Rather than facing down the anxiety with a blank piece of paper, there was time before work to create a small form, an anxiety worksheet. There are a few prompts to help me focus in the midst of the screaming heebie-jeebies. It starts with location then has space to break down feelings. There's room to explore the source of those feelings and any questions that might pop up. Lastly is the question, "Where is Jesus?" It is only a quarter page in size. Small helps the process become not so overwhelming.
Extremely anxious before meeting with my pastor and his wife it was nice to have this small tool to use. As I jotted down the emotions, in the midst of worry and fear was a real and most enjoyable sense of excitement. It's easy to lose the good stuff when the bad seems so overwhelming.
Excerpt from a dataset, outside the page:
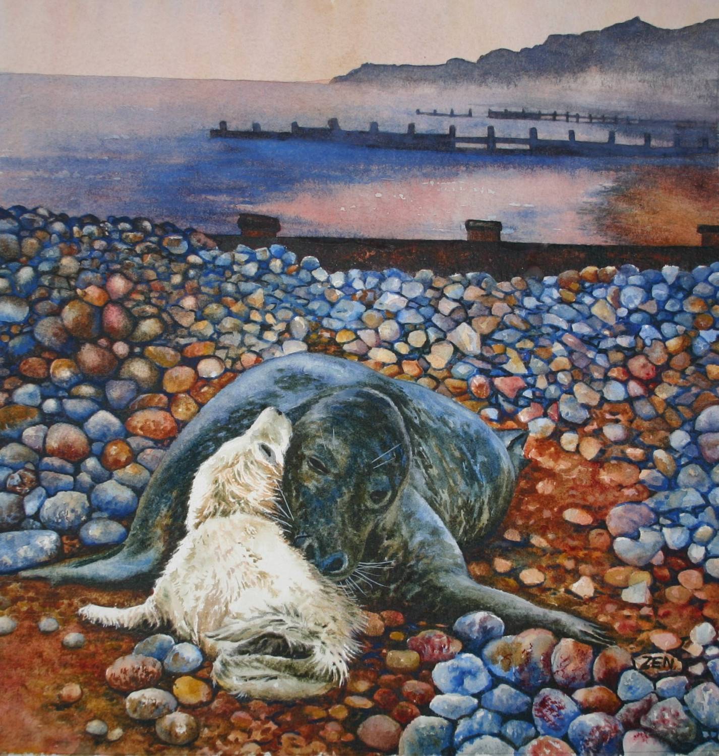 Mother seals leave their pups for many hours while they hunt at sea. The pups stay on the beach and wait. I was very lucky to witness this magical reunion between mother and pup and decided this would be my first seal painting. I worked from sketches and photographs taken at Cromer Beach and Horsey Beach both on the North Norfolk coast and have given the scene a pink morning glow.
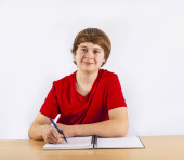 inteligentny chłopiec nauki w szkole

I spent some time using the back of the page to walk through a process of repentance and forgiveness. There's a lot of oaths that were uncovered in this step like, "I have to do this on my own" or "I can't rely on anyone being there for me"..."Needing help is a weakness". There was a lot of choosing to forgive those who helped reinforce those beliefs. It also meant I had to forgive myself for believing them.
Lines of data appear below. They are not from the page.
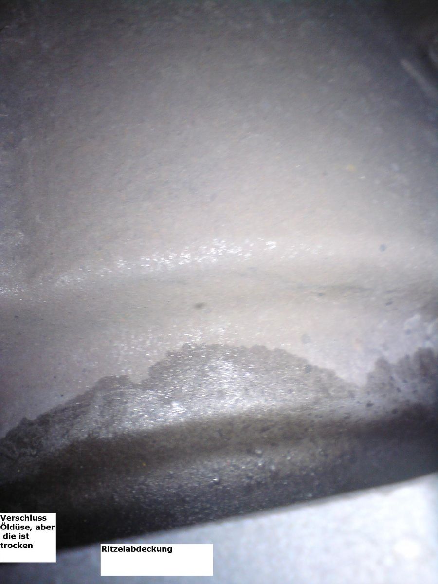 Leider nur ein miserables Handyfoto. Oberhalb der Ritzelabdeckung aufgenommen. Dort befindet sich langsam größer werdend, regelmäßig ein Ölfleck. Sieht aus, als ob der aus der Region des Ritzels kommt.
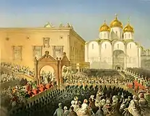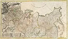 The foundations of the Russian Empire was laid during Peter I's reforms, which significantly altered Russia's political and social structure,[21] and as a result of the Great Northern War which strengthened Russia's standing on the world stage.[22] Internal transformations and military victories contributed to the transformation of Russia into a great power, playing a major role in European politics.[23] On the day of the announcement of the Treaty of Nystad, the 2 November [O.S. 22 October] 1721, the Governing Senate and Synod presented the tsar with the titles of the Pater Patriae (Russian: Отец отечества, romanized: Otets otechestva, IPA: [ɐˈtʲet͡s ɐˈtʲet͡ɕɪstvə]) and Emperor of all Russia.[24] It is generally accepted that with the adoption of the imperial title by Peter I, Russia was turned from a tsardom into an empire, and the imperial period began.[25][26]
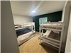 The three bedrooms are set up as follows: two queen bedrooms each with memory foam mattresses, and a third bunk room with a full-over-full bunk bed and a twin trundle — all with memory foam mattresses as well. Both bathrooms are full, with walk-in showers.
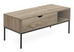 - Contemporary Design: This 42" long rectangular coffee table features a modern design with a wood-look laminate finish and a sleek metal base, making it a stylish addition to any living space.
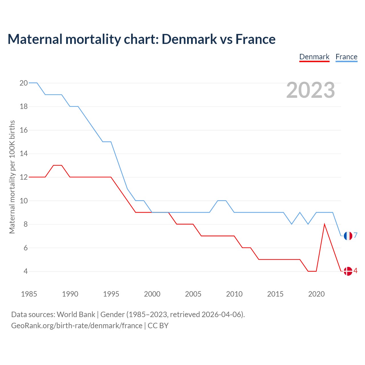 The maternal mortality rate, which is the probability of dying during childbirth or within 42 days of pregnancy termination, is 4 deaths per 100,000 live births in Denmark, compared to 7 deaths in France.
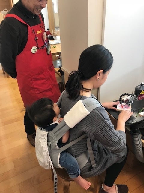 お子さんをおんぶしながら糸ノコに向かうお母さん。音も静かなのでグッスリお昼寝です。

Some of these oaths are deeply rooted in past experiences. I've prayed through them many times but they keep popping up in different ways and in different areas of my life. As much as the thinking part of my brain knows they aren't true, it takes time for head knowledge to become heart knowledge. I don't expect one small worksheet to uncover everything but these small steps have already eased my state of mind.
It's okay if this isn't done every time anxiety rears its ugly head. That's another thing. I don't have to.
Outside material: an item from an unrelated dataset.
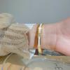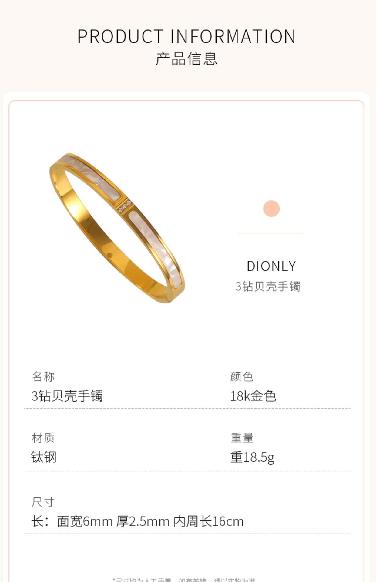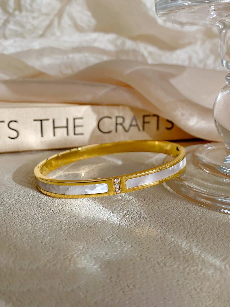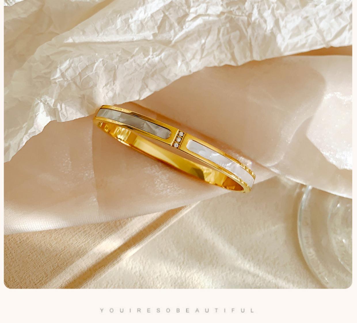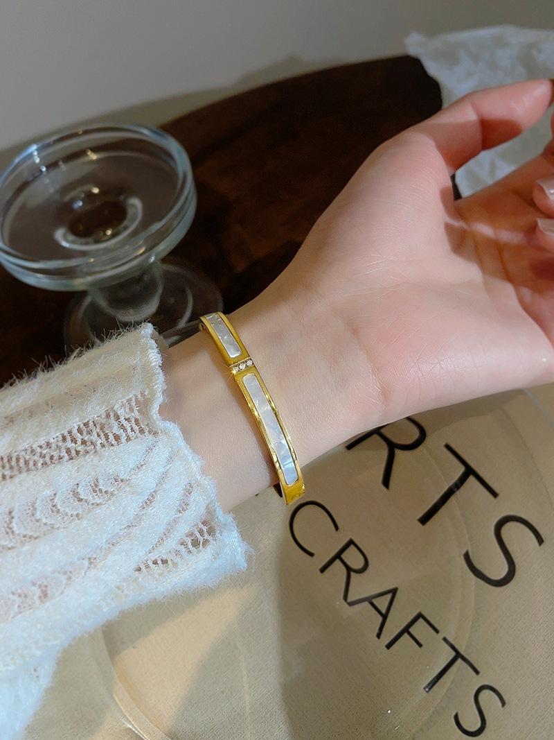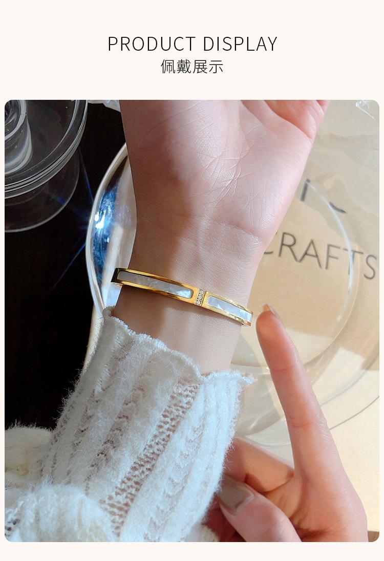 Pulsera europea y americana de oro de 18 quilates con concha para mujer, diseño de nicho de lujo ligero, pulsera de alta gama con incrustaciones de diamantes, acero de titanio que no se desvanece

That's another area that was revealed. Knitting mitts has also generated anxiety because I absolutely had to knit as many pairs as possible for next year's gift drive.
"God gave me the ability. He provided for the wool. Do something with it!"
Somewhere along the line, I took on a responsibility that wasn't mine to have. There was no trusting God's ability to provide those nearly six hundred gifts. He's forgiven me for that.
Will knitting mitts continue? Yes, but with joy in my heart at being able to serve in some small way. I don't have to knit 600 pairs! (Sheesh, Sue, what were you thinking?!)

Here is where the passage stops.